> _PROVIDED DATA_:
━━━

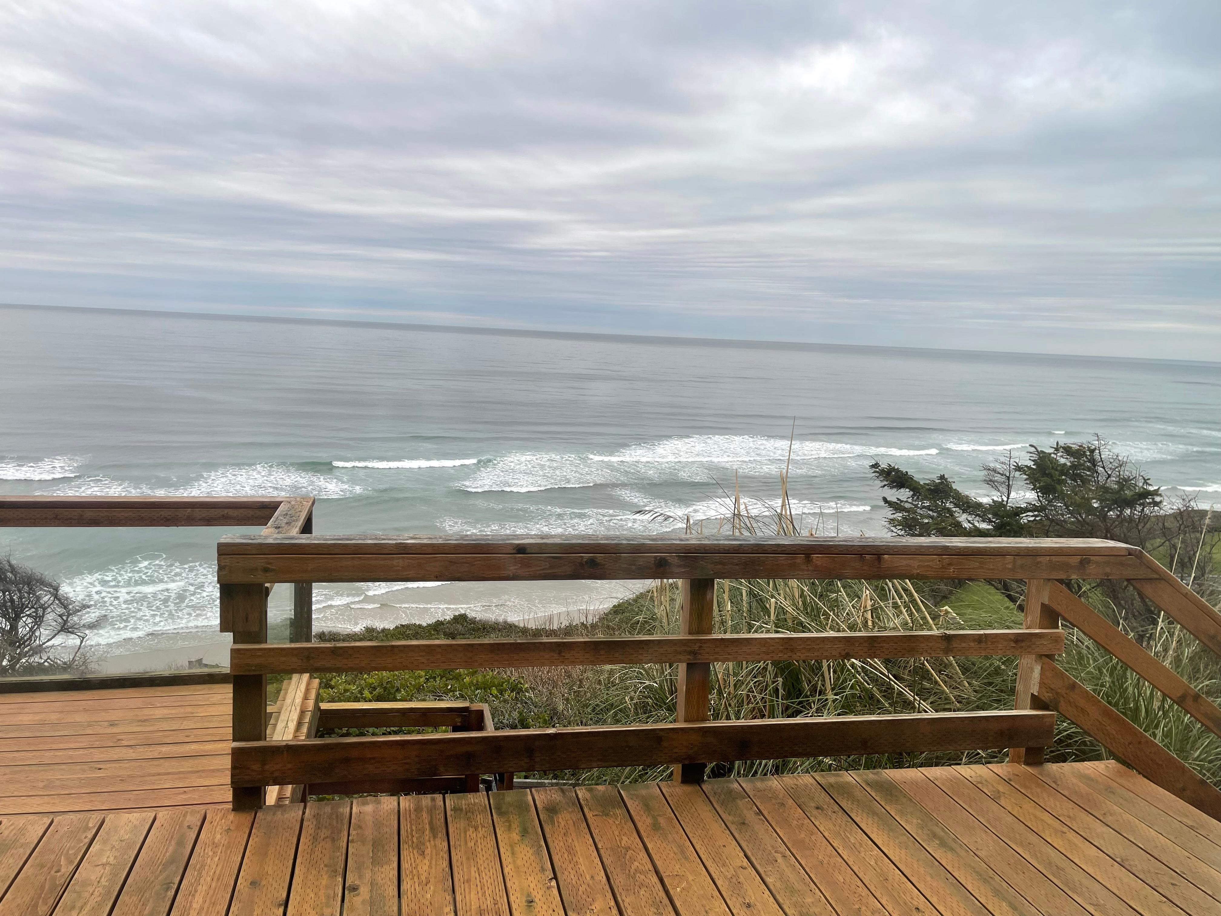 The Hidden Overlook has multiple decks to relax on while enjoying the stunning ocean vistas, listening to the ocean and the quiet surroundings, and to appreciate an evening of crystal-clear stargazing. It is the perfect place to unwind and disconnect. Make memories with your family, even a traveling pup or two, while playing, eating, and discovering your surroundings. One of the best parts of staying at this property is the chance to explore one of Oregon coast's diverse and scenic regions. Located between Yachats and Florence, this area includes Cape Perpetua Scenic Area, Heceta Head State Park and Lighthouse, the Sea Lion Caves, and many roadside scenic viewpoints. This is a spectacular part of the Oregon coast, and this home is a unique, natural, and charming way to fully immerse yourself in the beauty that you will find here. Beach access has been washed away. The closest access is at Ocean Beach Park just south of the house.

━━━

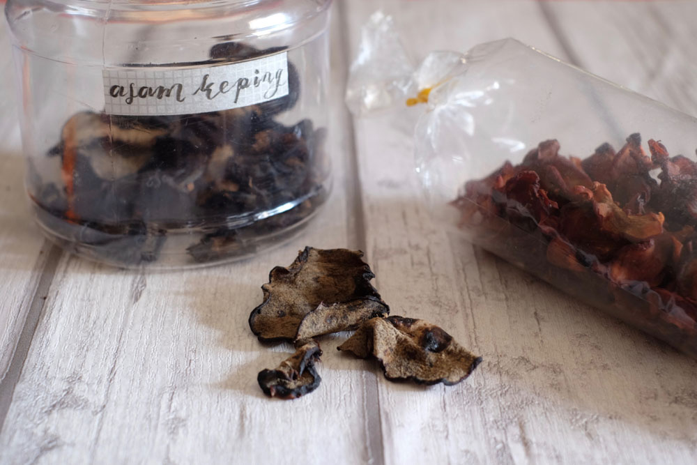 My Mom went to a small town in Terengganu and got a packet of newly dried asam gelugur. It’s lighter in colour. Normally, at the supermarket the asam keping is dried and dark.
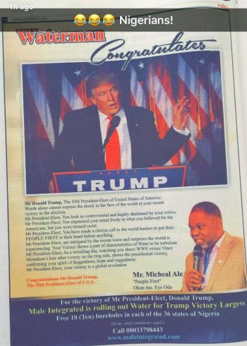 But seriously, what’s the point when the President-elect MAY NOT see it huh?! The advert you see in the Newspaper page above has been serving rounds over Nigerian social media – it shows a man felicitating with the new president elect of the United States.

━━━

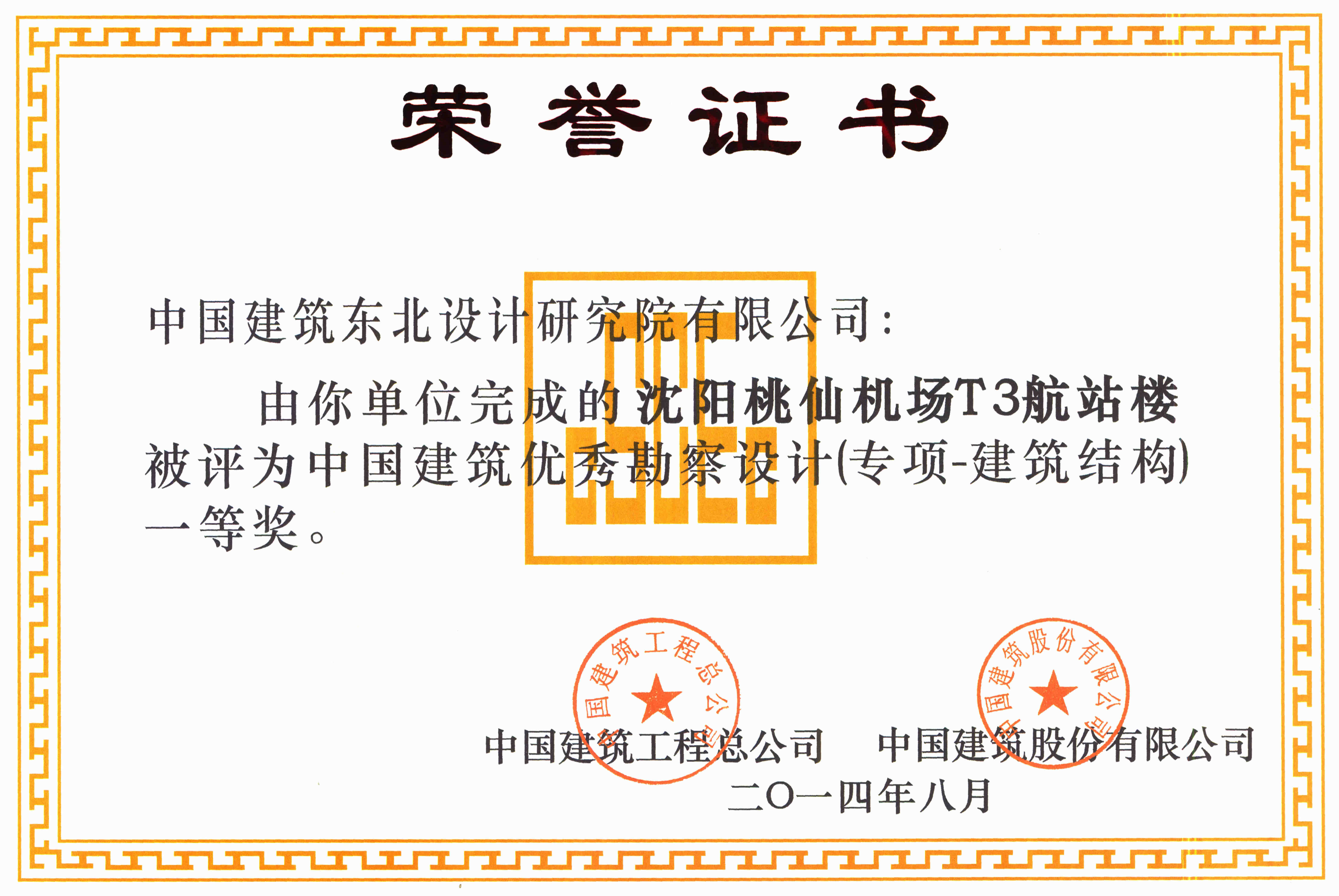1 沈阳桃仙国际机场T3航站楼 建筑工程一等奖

━━━

> _TASK STATEMENT_: Keep to the stretch from the line containing "My Mom went" through the line containing "But seriously, what’s", both ends included, and copy it exactly from the listing above, minus the pictures.

> _RESULT_:
 My Mom went to a small town in Terengganu and got a packet of newly dried asam gelugur. It’s lighter in colour. Normally, at the supermarket the asam keping is dried and dark.
 But seriously, what’s the point when the President-elect MAY NOT see it huh?! The advert you see in the Newspaper page above has been serving rounds over Nigerian social media – it shows a man felicitating with the new president elect of the United States.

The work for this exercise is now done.